Chroniques

par vincent guillemin

Gautier Capuçon et Valéry Gergiev
Concerto pour violoncelle Op.107 n°1

Symphonies Op.54 n°6 et Op.93 n°10
Salle Pleyel, Paris
- 3 décembre 2013
Valery Gergiev joue les Sixième et Dixième symphonies de Chostakovitch à Pleyel
© dr

Troisième programme pour le dernier concert de décembre du cycle Chostakovitch de Valéry Gergiev et l’Orchestre du Théâtre Mariinski, débuté dimanche et prolongé le lendemain [lire notre chronique de la veille], pour se finir en février 2014.

L’exécution de la Symphonie en si mineur Op.54 n°6 confirme les remarques d’hier soir, le Largo initial n’offrant toujours pas la profondeur qu’on pouvait attendre d’une telle œuvre, ce qui prolonge l’impression de distance déjà éprouvée dans la Cinquième. Dans tout le mouvement, dont seule respire la coda, l’orchestre alterne de remarquables instants mettant en valeur de belles couleurs instrumentales (percussions, célesta, flûtes) avec des phases nerveuses (premiers violons) ou rigides (contrebasses). Beaucoup plus dynamique, le second mouvement (Allegro) est lié au troisième (Presto) par le choix d’un tempo rapide quasiment identique et d’un legato très soutenu qui limite la franchise des attaques des cordes, dont les dernières mesures brouillonnes ne masquent pas les signes de fatigue des musiciens.

Interprété par Gautier Capuçon, le Concerto pour violoncelle en mi bémol majeur Op.107 n°1 nous exile loin des contrées russes que ferait entendre un Kniazev, par exemple, et propose une conception fort calculée de la partie soliste, culminant au troisième mouvement (Cadenza) dans une grande liberté d’invention pendant plus de cinq minutes. Les quelques imprécisions s’étant glissées çà et là dans le jeu importent peu, contrairement à celles de l’orchestre et particulièrement des cuivres qui affichent une fatigue de plus en plus marquées. Intelligemment liés à Chostakovitch, les deux bis remettent en valeur le beau Matteo Goffriller de 1701 que le soliste joue d’un archet du XIXème siècle (Dominique Peccatte, 1810-1874).

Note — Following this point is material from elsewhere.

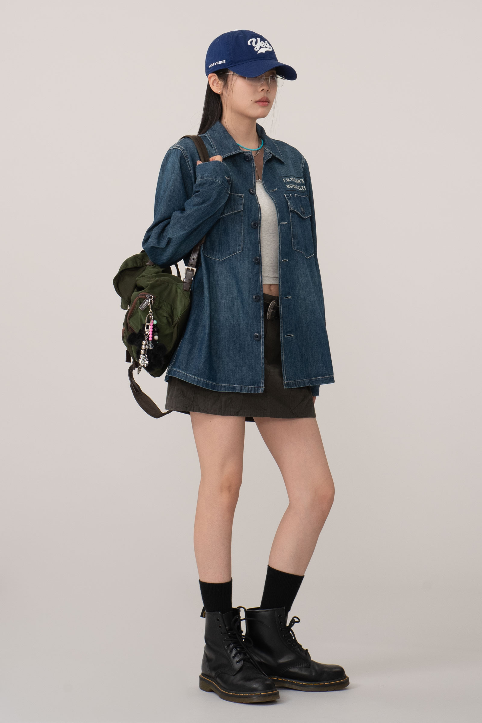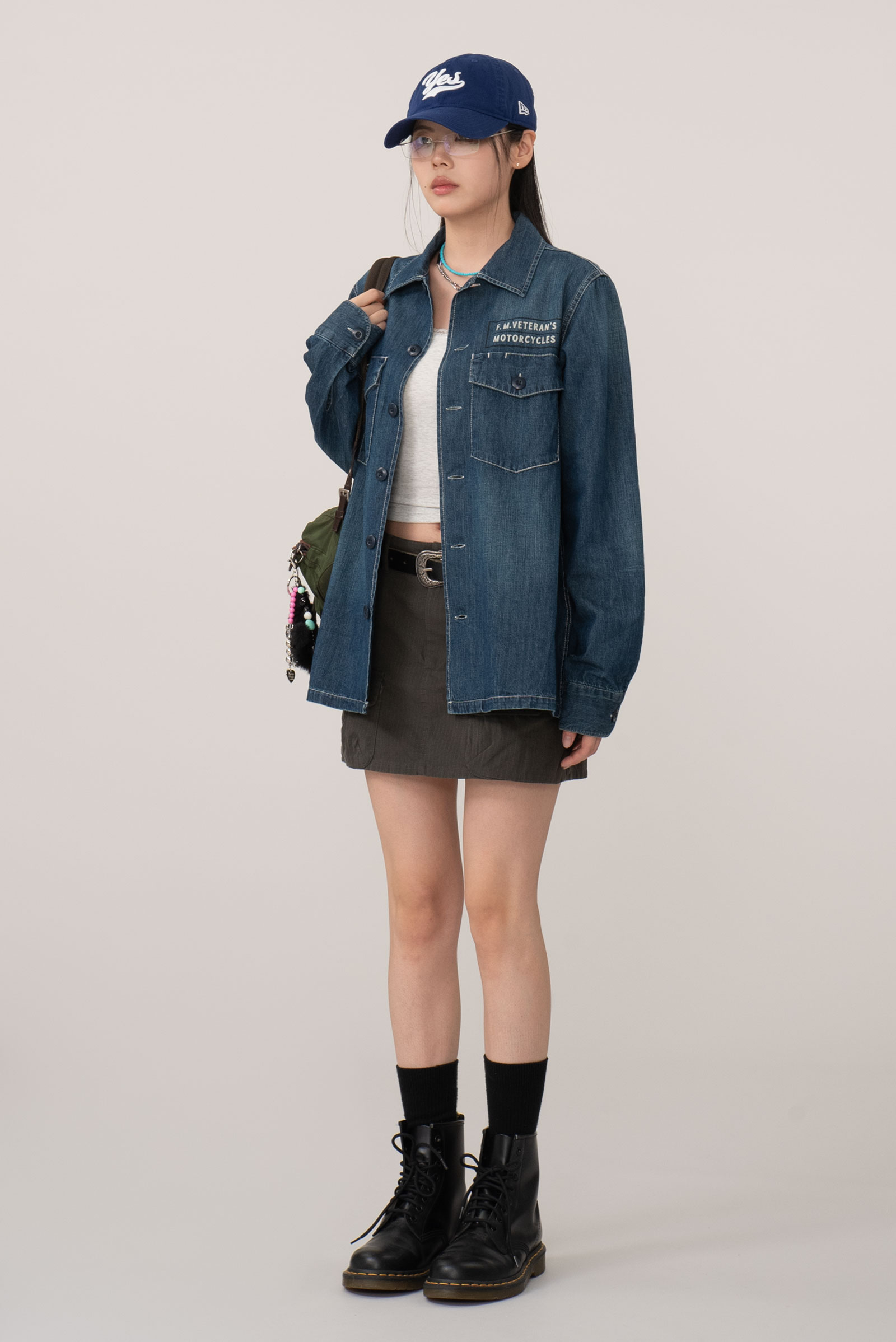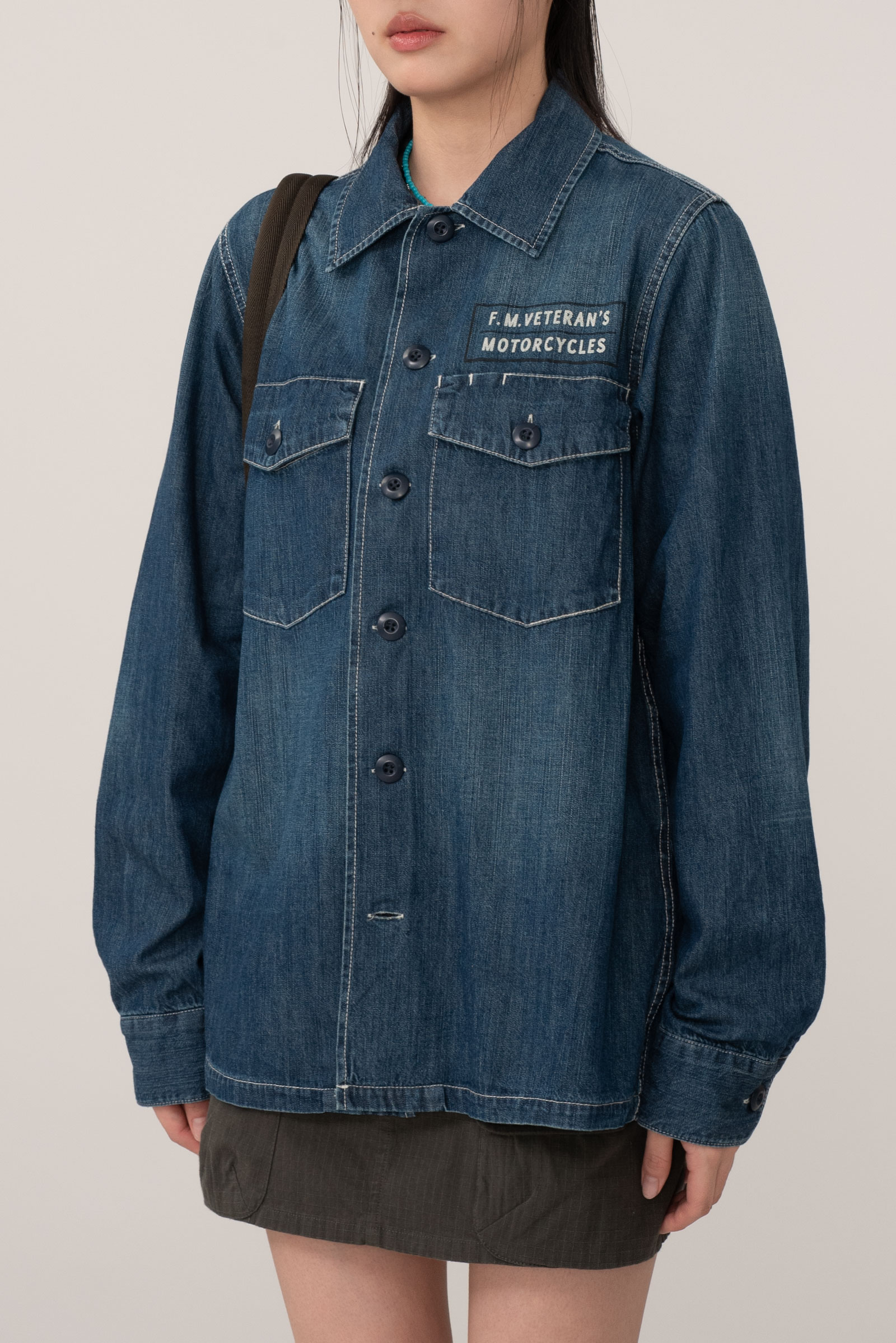 가슴에 두개의 커다란 포켓과 눈에 띄는 단추, 후면의 프린팅 등 자유분방한 무드와 잘 어우러지는 디자인이에요.

Après l’entracte, la Symphonie en mi mineur Op.93 n°10 surprend instantanément par une présence sonore plus naturelle et une ferveur nouvelle. Le chef maintient encore la formation pétersbourgeoise mais, à bout de souffle d’enchaîner concert sur concert et sentant approcher la fin d’une série éreintante, celle-ci libère une expressivité jusqu’alors absente. Les hurlements du percussionniste symbolisent l’engagement et l’émotion que les musiciens scellent encore dans le jeu, même si, épuisé, le premier cor rate complètement ces soli de l’Allegretto. Ce troisième mouvement est rendu magnifique par la longue et ultime tenue des cordes. Pris très lentement, l’Andante final permet une construction très intéressante du crescendo médian et fait ressortir un basson toujours précis et la chaleur particulière des violoncelles.

Sans décevoir jamais Valéry Gergiev n’arrive pas plus à convaincre pleinement dans ce cycle qui, à la réécoute [disponible pendant quatre mois sur le site de la Cité de la musique, ainsi que les deux autres concerts], souffrira certainement beaucoup d’avoir été réalisé aussi rapidement avec trop peu de répétitions. Boulimique comme son confrère Daniel Barenboim, Gergiev semble oublier parfois que jouer trois cents soirs par an ne saurait laisser assez de temps à une réflexion fouillée de chaque œuvre abordée. S’il est assurément un surhomme, il entraîne ses musiciens dans des conditions et une forme qui ne peuvent être optimales chaque soir.